If only Open Democracy could actually grasp numbers

It really shouldn’t be this hard for people to grasp basic concepts. Open Democracy tells us that there are horrors, that we must have rent controls - that best way to destroy an urban environment short of aerial bombing - and eviction bans and PANIC!:

Statistics on private rents published on Wednesday by the Office for National Statistics show rents are rising at their fastest rate since records began, with tenants facing a 3.6% increase.

They’ve managed to quote correctly at least:

Private rental prices paid by tenants in the UK rose by 3.6% in the 12 months to September 2022, up from 3.4% in the 12 months to August 2022.

Except:

Growth in average total pay (including bonuses) was 5.1%, and growth in regular pay (excluding bonuses) was 4.7% among employees in April to June 2022.

Rents as a portion of income are actually down a couple of percent. Further:

The Consumer Prices Index including owner occupiers’ housing costs (CPIH) rose by 8.8% in the 12 months to September 2022, up from 8.6% in August and returning to July’s recent high.

Real rents, rents adjusted for the general inflation rate, are down around 5%.

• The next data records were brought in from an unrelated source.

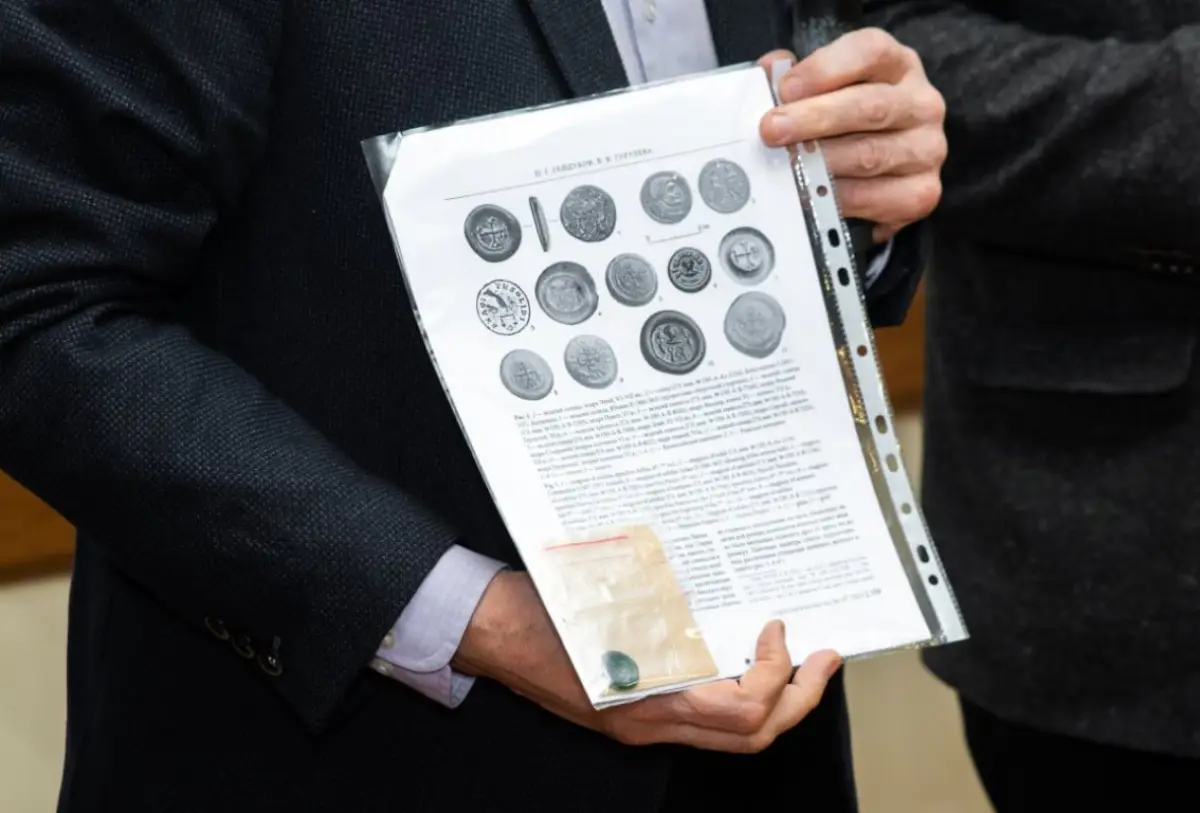 Монету обнаружили в Великом Новгороде в 2023 году во время спасательных археологических работ, связанных с реконструкцией Морского центра капитана Варухина.
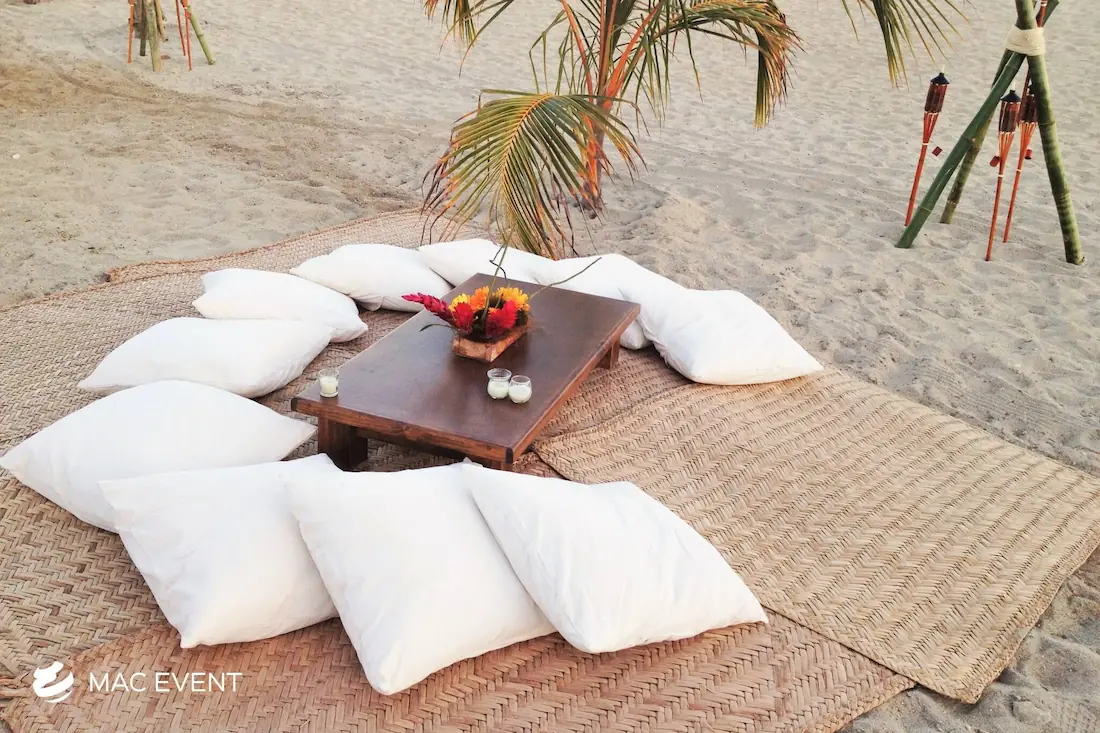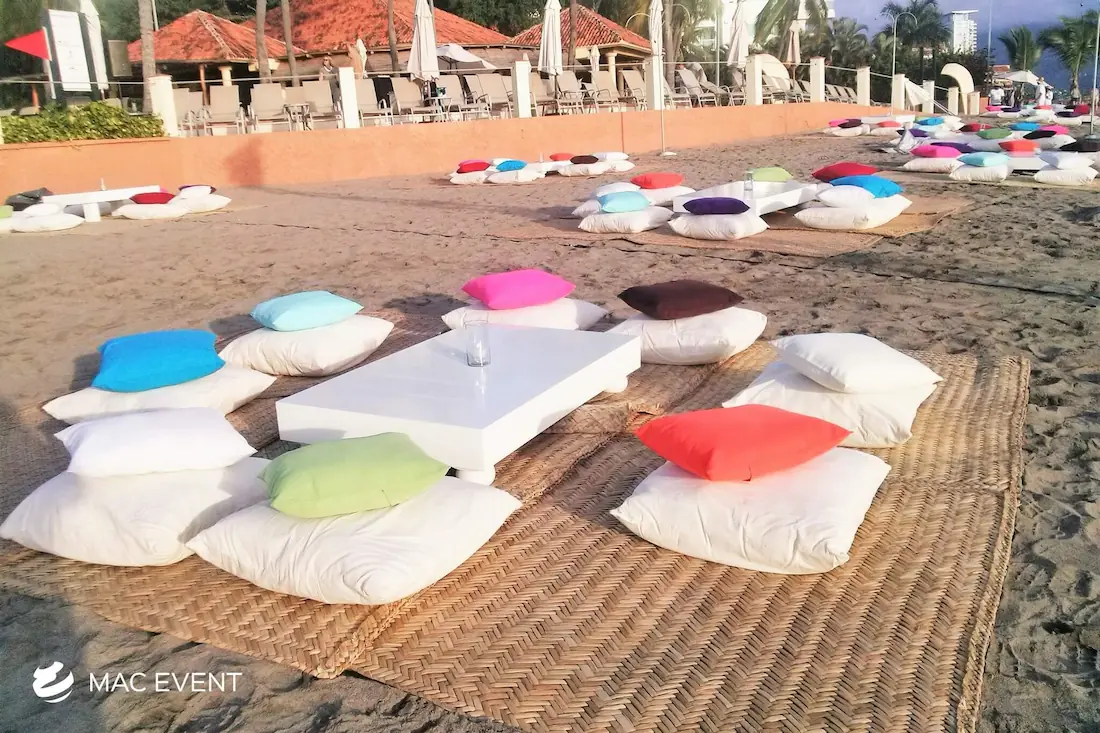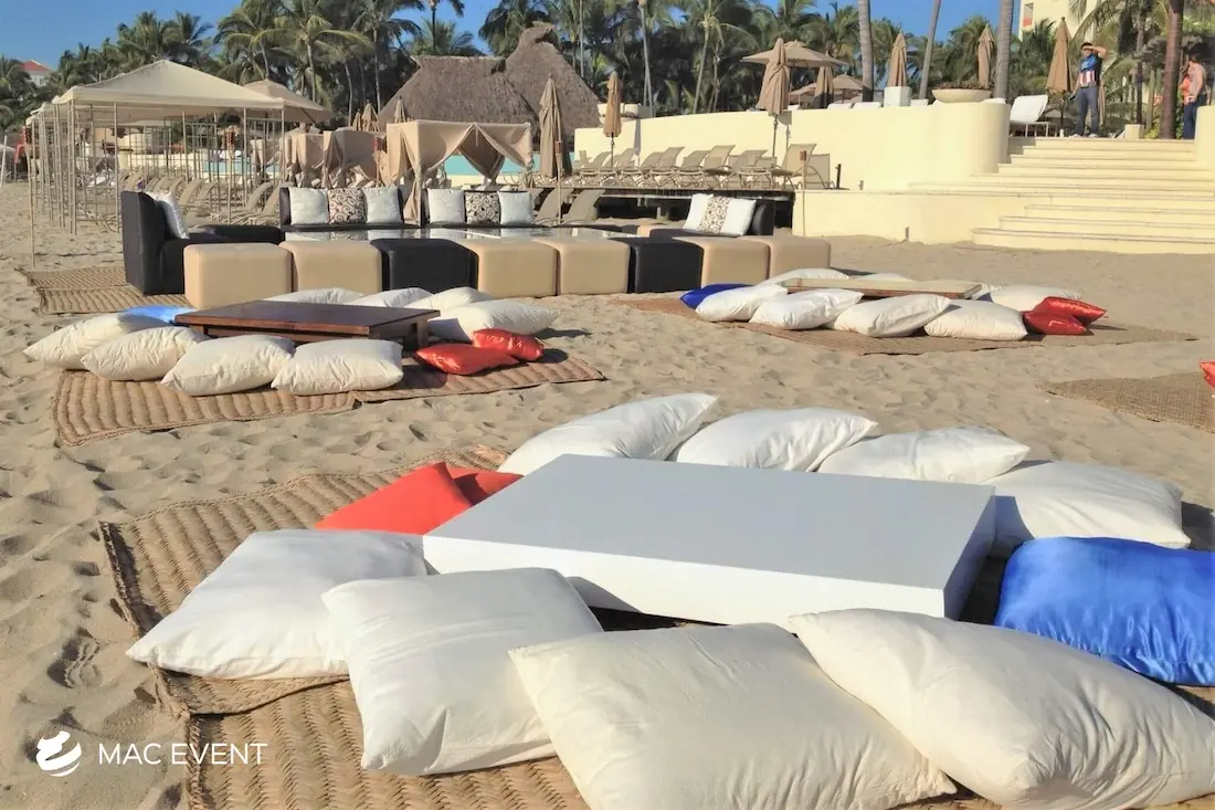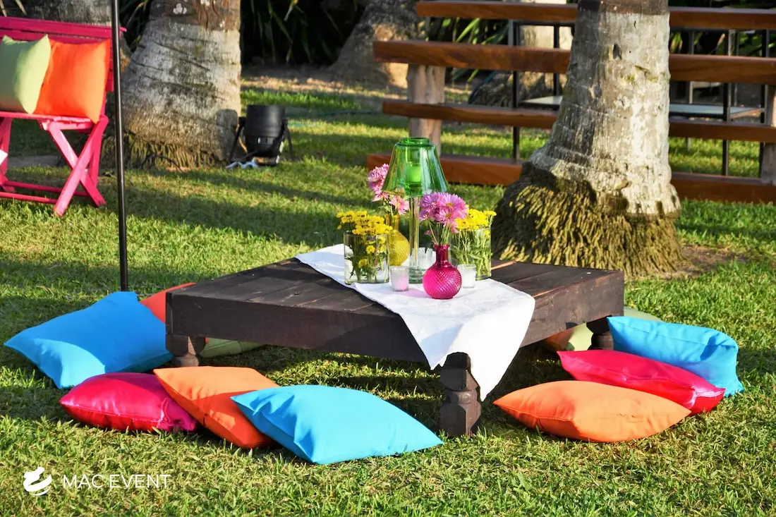 Create a relaxed and casual seating area with our picnic lounges, perfect for weddings and events in Riviera Nayarit. These lounges provide a charming and comfortable seating option, ideal for outdoor events.
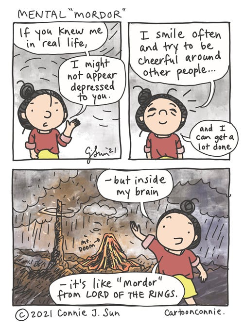 [3-panel comic in which a girl with a bun explains, "If you knew me in real life...I might not appear depressed you." In panel 2, she goes on to say, "I smile often and try to be cheerful around other people...and I can get a lot done." She is smiling but tired expression on her face. In panel 3, she is super upbeat and more animated, against a dramatically rendered background, depicting an uninhabitable, high fantasy hellscape, with a volcano erupting and dark stormy clouds swirling. Speech bubble: "- but inside my brain, it's like 'Mordor' from Lord of the Rings." Comic titled "Mental Mordor."]
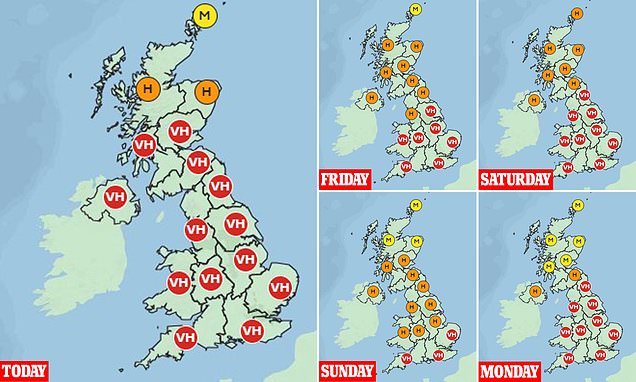 Pollen levels fluctuate between ‘high’ (orange) and very high for the rest of England, Wales and Northern Ireland.
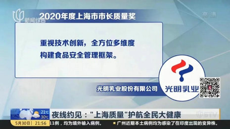 2021年5月30日晚,在上海电视台新闻综合频道,太陽城APP 董事长濮韶华与复旦大学附属华山医院感染科主任张文宏做客《夜线约见》栏目。本次上海市市长质量奖颁给守护国民健康的医卫工作者和提供营养健康保障的乳制品企业,两位在节目中共同探讨国家大健康战略的未来发展。
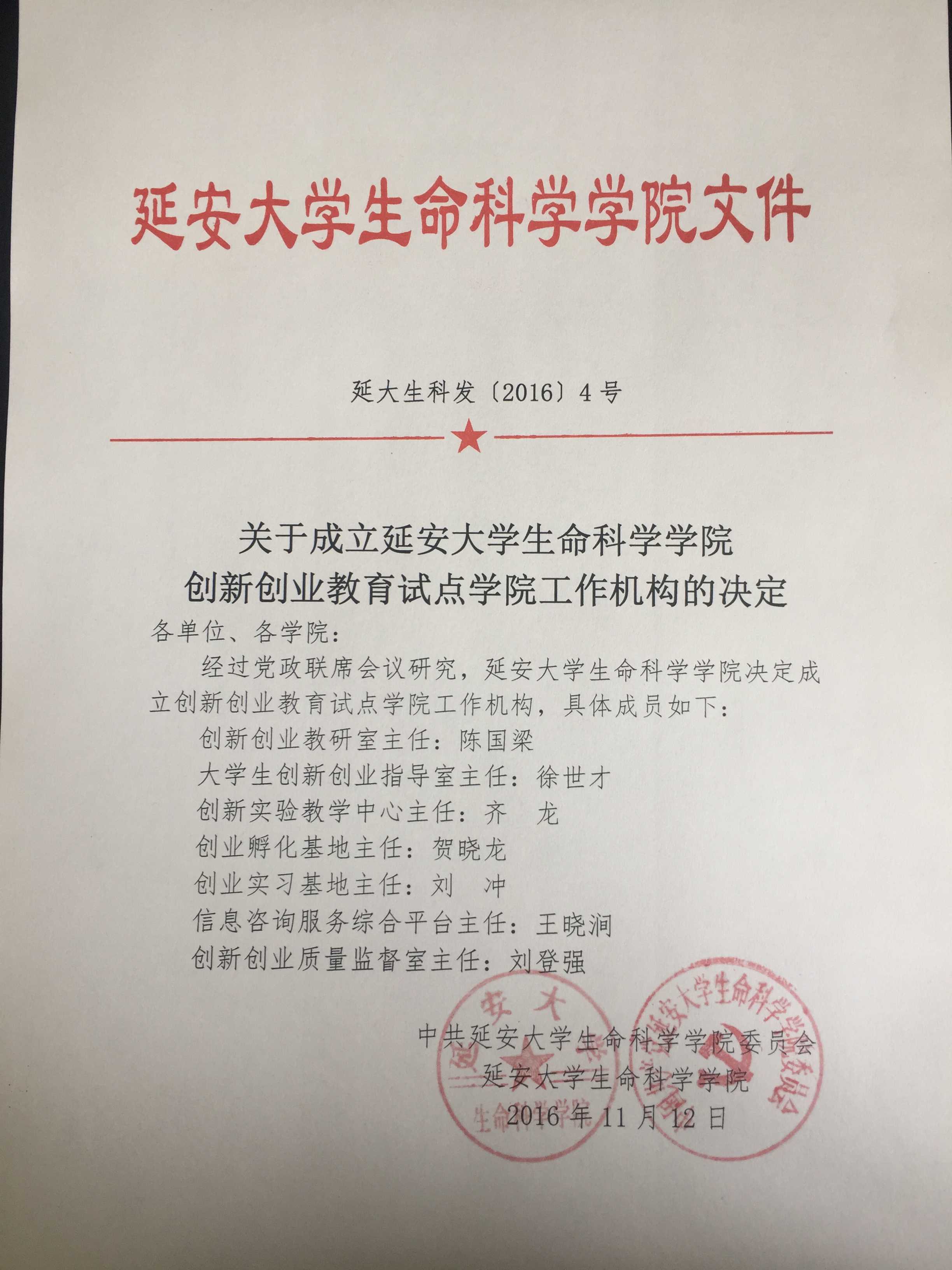 关于成立延安大学生命科学学院创新创业教育试点学院工作机构的决定
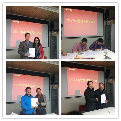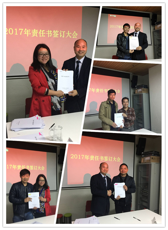 会上,各部门负责人和公司高层共同签订了各部门责任书,责任书内容明确规定了各部门2017年的工作质量目标。副总经理刘冬梅对各部门目标也做了解读,本着“谁主管,谁负责,层层签订”的原则,根据公司组织架构,按照分层管理,分级管理,责任到人的要求,并结合岗位职责,分管领导和部门负责人签订,部门负责人和各岗位员工签订。分别从工作目标、指标要求、考核与奖惩三个方面进行了详细的责任划分。
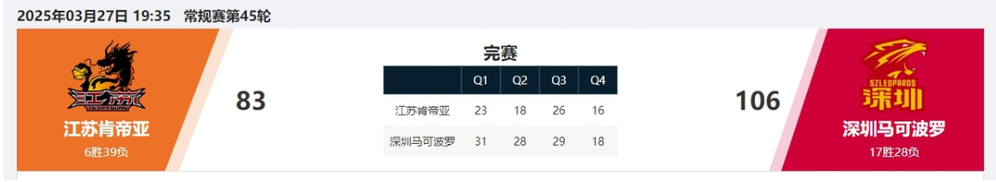 2025年3月27日,CBA常规赛第44轮焦点战,深圳马可波罗队在苏州奥体中心以106:83血洗江苏肯帝亚,完成本赛季对江苏男篮的四连横扫。这场23分的客场大捷不仅延续了深圳队对江苏的历史压制(总战绩30胜16负),更成为球队年轻化战略的里程碑战役。
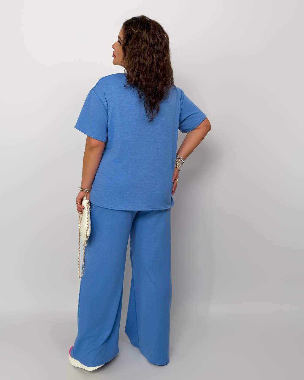 Костюм складається з вільної футболки та штанів. Завдяки свободному крою модель не сковує рухів та добре сідає на різні типи фігури. Футболка має комфортну довжину та подовжений рукав, що додає образу стильного вигляду. Штани з високою посадкою та поясом на резинці забезпечують зручну посадку, а врізні кармани додають практичності.
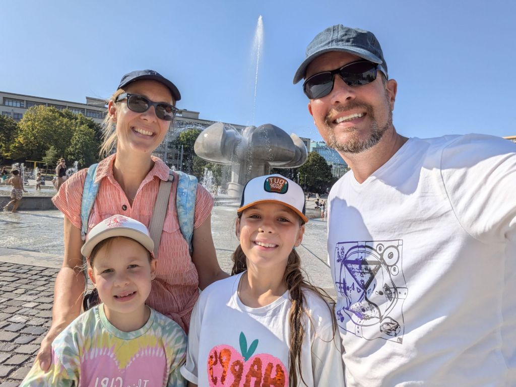 We’d had a pit stop by the river before the bus tour. After the bus, I whizzed off on a scooter to find flip-flops (Szechenyi baths in Budapest require them and charge 10 euros a pop – and it’s not about the cost, but the thought of being in a long line waiting to buy them. Chances are there’ll be no queue and the flip-flops will be so nice, we’d love to own some, but there we are). The Eurovea mall is sizeable, and Decathlon once again came up trumps. I whizzed off again to Freedom Square where the kids were playing in the fountain. Aurélie and I refreshed ourselves at the café alongside. Really, the trip optimized for kids would be pretty cheap – playgrounds, water play and the odd museum provided it’s good. The fountain in Bratislava is awesome for kids on a hot day (which it was).
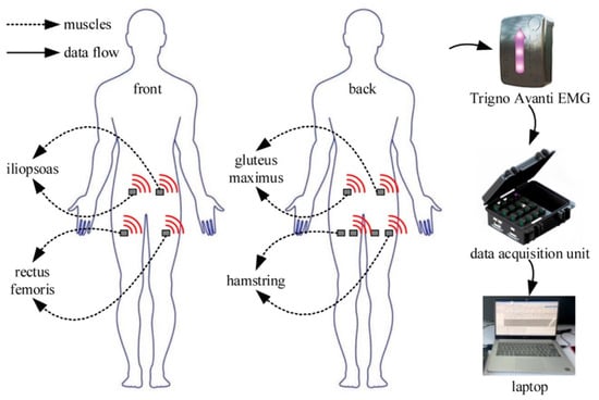 The hardware and data flow in the sEMG collection experiments. There is one sEMG electrode on each iliopsoas, rectus femoris, and gluteus maximus and two sEMG electrodes on each hamstring.

Rents falling as a percentage of income, rents falling in real terms, these are not the sorts of things which should spark a panic and the imposition of rent controls now, are they? Except, of course, if you’re from the end of the intellectual spectrum that finds basic concepts too difficult to grasp. Or, perhaps, assuming that the reading audience is and deliberately hoping to confuse.

We can even go further with these numbers. Nominal wages have risen by less than the inflation rate, therefore real wages have fallen. Nominal rents have risen by less than both inflation and the rise in nominal wages. Therefore real rents have fallen more than wages have. Renters are thus better off.

Numbers really aren’t this hard to grasp. No, we assure the arts graduates, they’re that not difficult.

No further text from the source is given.